* **About this exercise**
The result is the exact lines from the one containing "Rede des Politikers" through the final line of the entries; leave out the pictures.

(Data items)

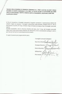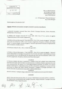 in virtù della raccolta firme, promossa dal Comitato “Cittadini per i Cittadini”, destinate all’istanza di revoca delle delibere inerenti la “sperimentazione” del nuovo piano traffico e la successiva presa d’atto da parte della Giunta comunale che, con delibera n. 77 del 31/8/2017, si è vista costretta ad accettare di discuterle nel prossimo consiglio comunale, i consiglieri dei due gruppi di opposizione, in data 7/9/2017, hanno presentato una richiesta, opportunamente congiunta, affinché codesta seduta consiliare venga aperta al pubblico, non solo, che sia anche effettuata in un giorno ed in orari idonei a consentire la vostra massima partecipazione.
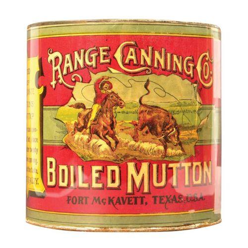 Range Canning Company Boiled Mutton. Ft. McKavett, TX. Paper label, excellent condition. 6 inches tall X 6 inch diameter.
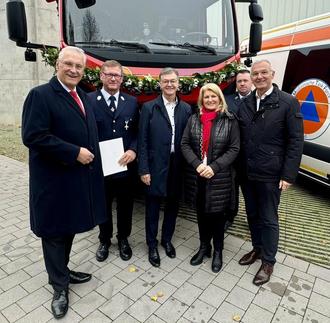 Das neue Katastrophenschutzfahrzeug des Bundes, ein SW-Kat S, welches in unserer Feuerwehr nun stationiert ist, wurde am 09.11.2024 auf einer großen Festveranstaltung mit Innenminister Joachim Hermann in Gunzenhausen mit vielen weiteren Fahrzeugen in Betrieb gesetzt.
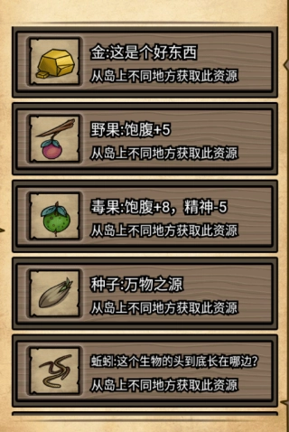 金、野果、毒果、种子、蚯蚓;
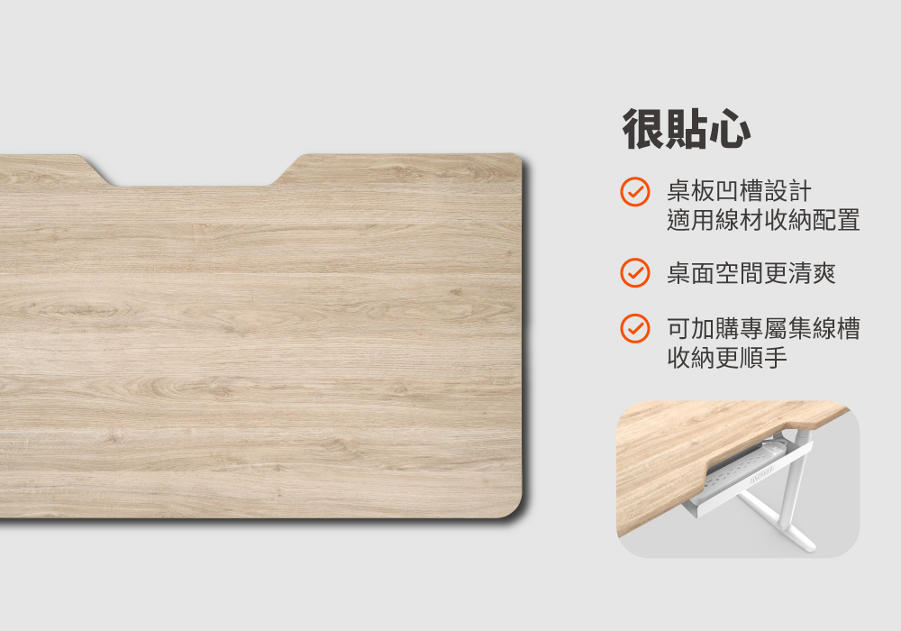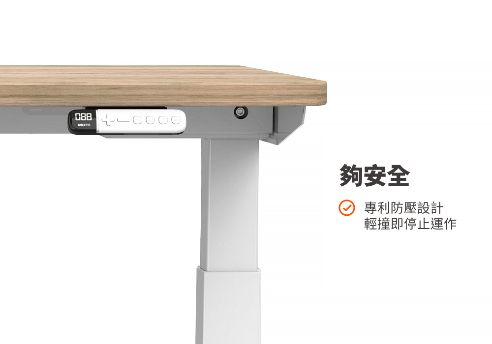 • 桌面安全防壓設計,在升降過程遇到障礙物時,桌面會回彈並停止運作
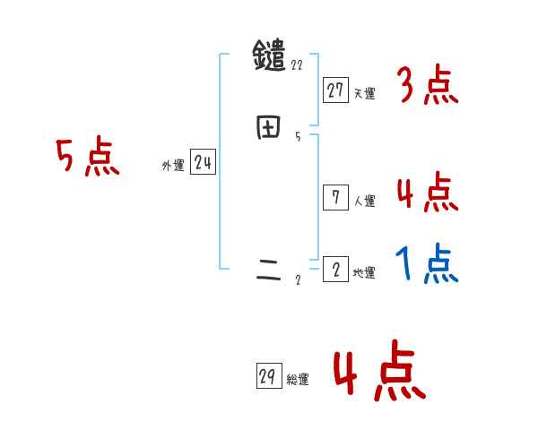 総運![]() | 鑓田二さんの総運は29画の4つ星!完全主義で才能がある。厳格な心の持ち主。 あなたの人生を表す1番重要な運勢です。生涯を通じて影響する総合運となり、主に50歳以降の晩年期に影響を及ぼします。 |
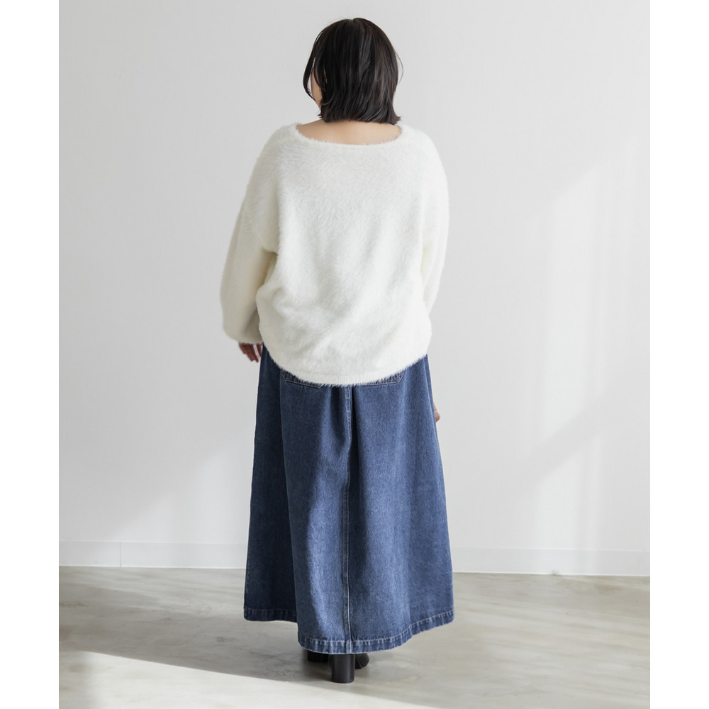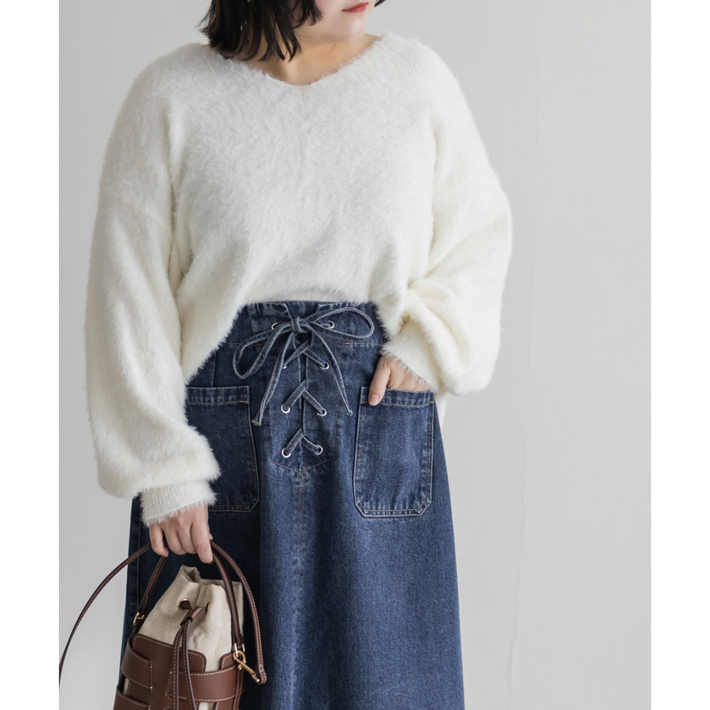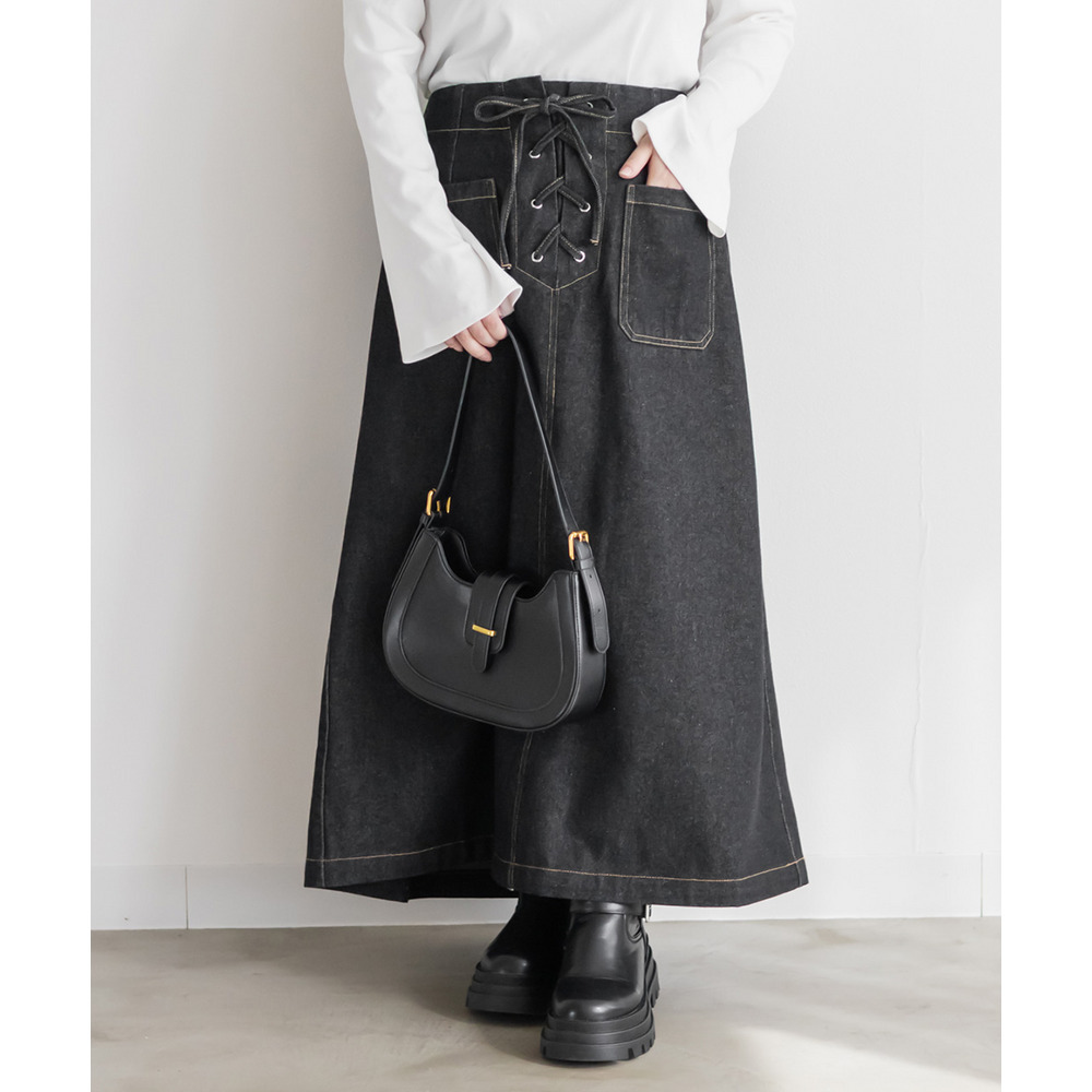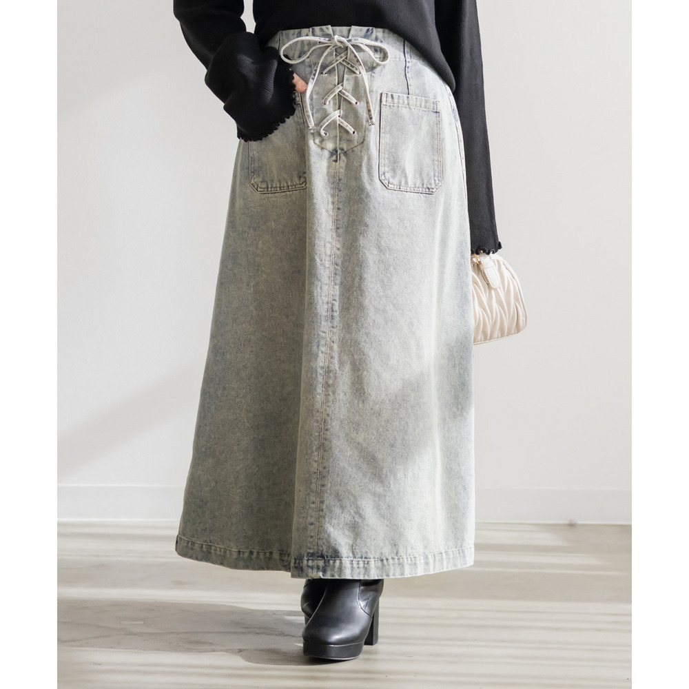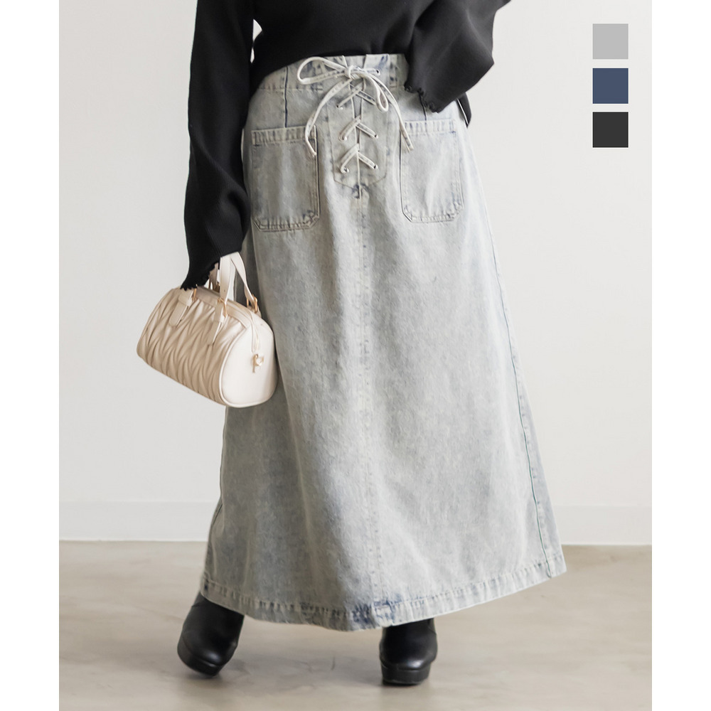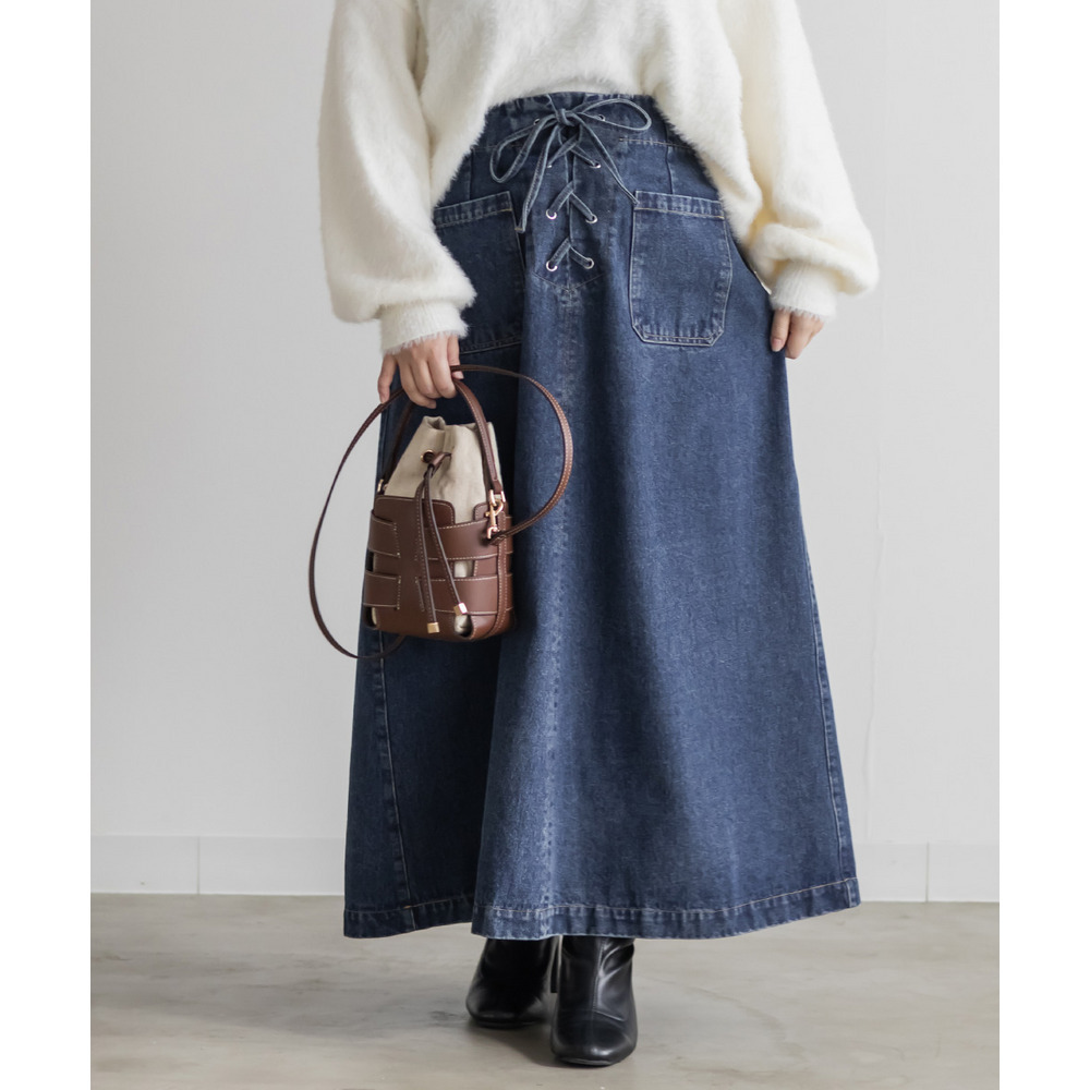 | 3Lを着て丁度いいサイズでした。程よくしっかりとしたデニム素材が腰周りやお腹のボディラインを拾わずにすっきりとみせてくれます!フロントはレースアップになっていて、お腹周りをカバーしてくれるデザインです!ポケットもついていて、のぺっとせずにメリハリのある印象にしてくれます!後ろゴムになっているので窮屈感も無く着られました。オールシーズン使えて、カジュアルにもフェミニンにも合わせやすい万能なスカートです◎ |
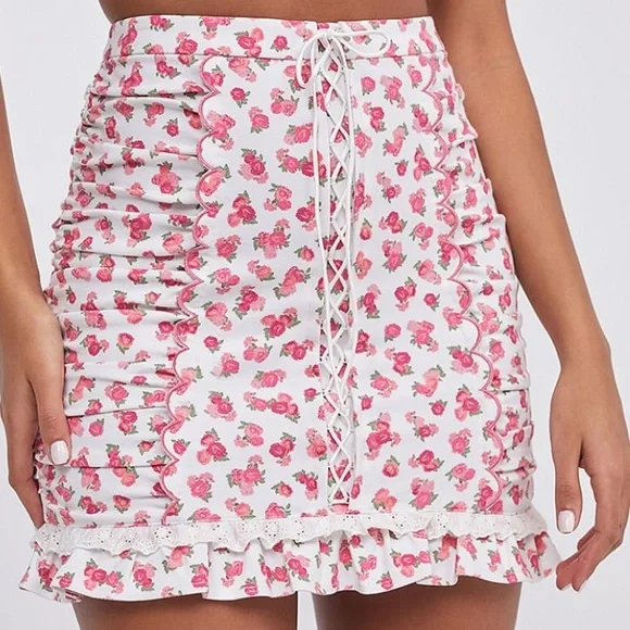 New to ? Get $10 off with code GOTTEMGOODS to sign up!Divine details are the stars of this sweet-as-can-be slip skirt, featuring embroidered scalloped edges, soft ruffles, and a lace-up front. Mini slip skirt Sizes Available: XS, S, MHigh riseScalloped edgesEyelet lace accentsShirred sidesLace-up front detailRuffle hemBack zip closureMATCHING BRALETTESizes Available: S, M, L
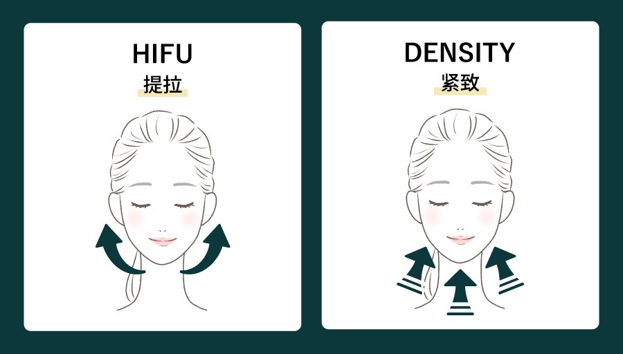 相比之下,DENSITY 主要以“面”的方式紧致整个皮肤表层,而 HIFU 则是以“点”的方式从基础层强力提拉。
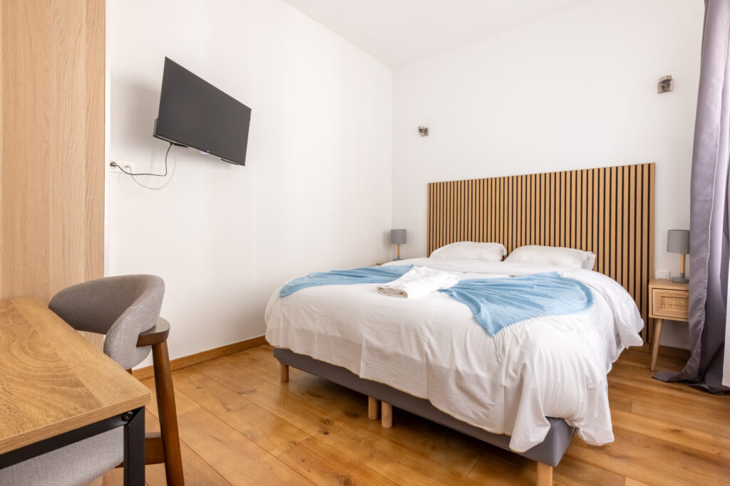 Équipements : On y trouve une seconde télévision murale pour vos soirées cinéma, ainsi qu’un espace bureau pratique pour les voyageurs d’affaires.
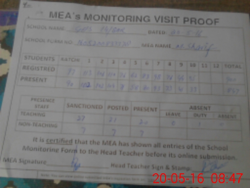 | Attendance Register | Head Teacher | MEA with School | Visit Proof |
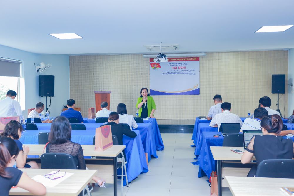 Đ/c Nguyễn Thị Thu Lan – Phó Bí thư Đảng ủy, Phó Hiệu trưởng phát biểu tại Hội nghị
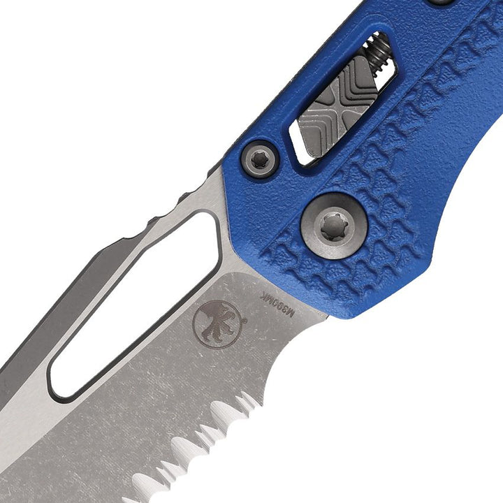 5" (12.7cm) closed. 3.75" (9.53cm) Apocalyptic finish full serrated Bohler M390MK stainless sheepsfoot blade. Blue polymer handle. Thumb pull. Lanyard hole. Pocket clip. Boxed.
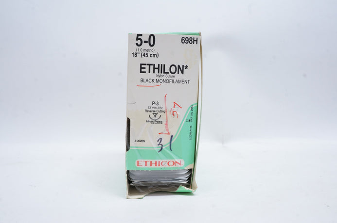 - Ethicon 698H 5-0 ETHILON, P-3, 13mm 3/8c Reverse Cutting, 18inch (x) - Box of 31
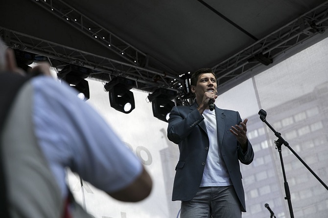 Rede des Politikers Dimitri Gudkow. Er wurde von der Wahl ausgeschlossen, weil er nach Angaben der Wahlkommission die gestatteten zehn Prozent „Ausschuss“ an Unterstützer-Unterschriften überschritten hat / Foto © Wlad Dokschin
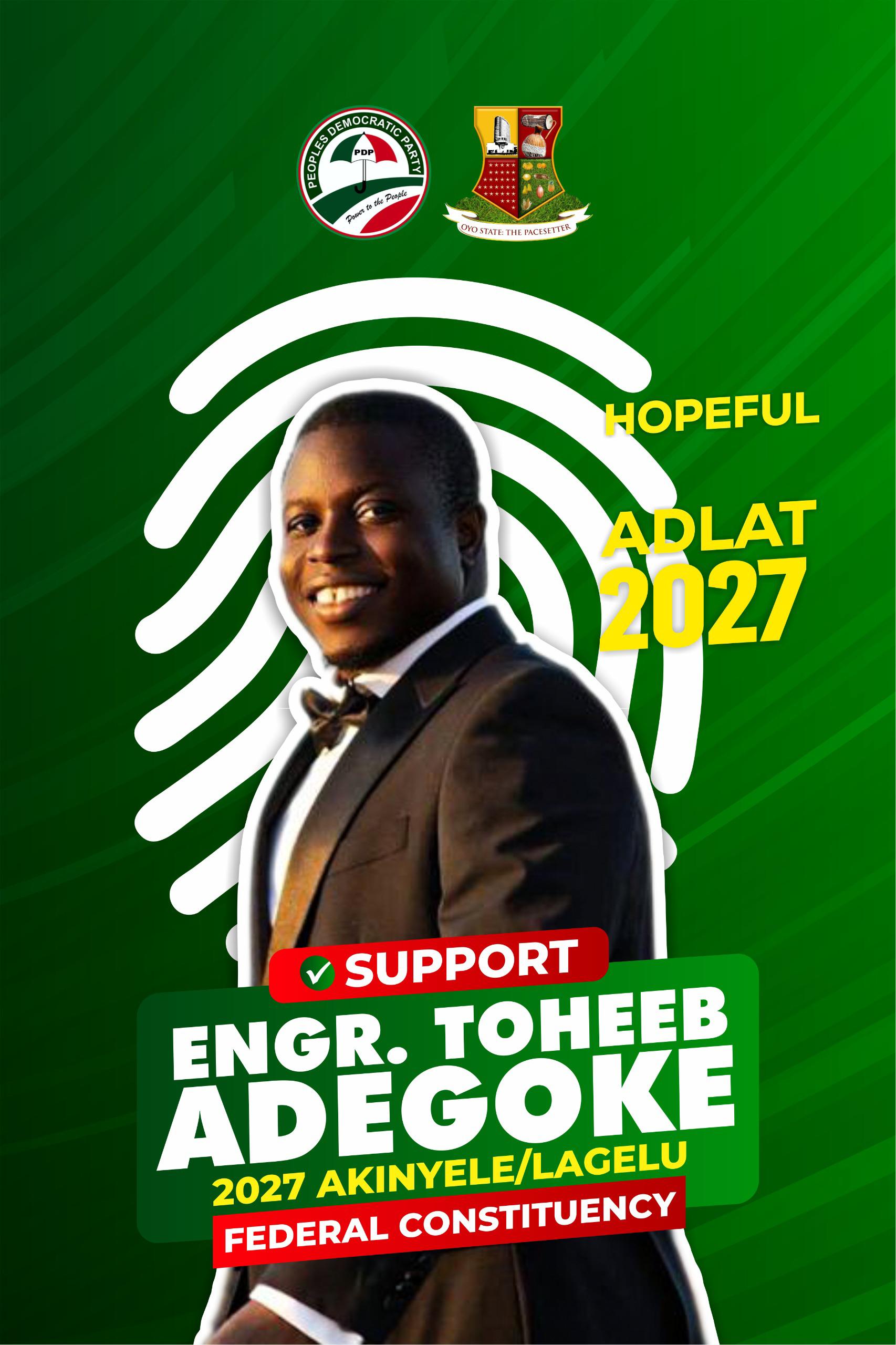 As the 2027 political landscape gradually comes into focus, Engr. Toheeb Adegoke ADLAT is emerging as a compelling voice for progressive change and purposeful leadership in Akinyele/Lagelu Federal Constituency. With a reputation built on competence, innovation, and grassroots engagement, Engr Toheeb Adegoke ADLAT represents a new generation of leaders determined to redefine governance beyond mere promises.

* **Solution to this task**
 Rede des Politikers Dimitri Gudkow. Er wurde von der Wahl ausgeschlossen, weil er nach Angaben der Wahlkommission die gestatteten zehn Prozent „Ausschuss“ an Unterstützer-Unterschriften überschritten hat / Foto © Wlad Dokschin
 As the 2027 political landscape gradually comes into focus, Engr. Toheeb Adegoke ADLAT is emerging as a compelling voice for progressive change and purposeful leadership in Akinyele/Lagelu Federal Constituency. With a reputation built on competence, innovation, and grassroots engagement, Engr Toheeb Adegoke ADLAT represents a new generation of leaders determined to redefine governance beyond mere promises.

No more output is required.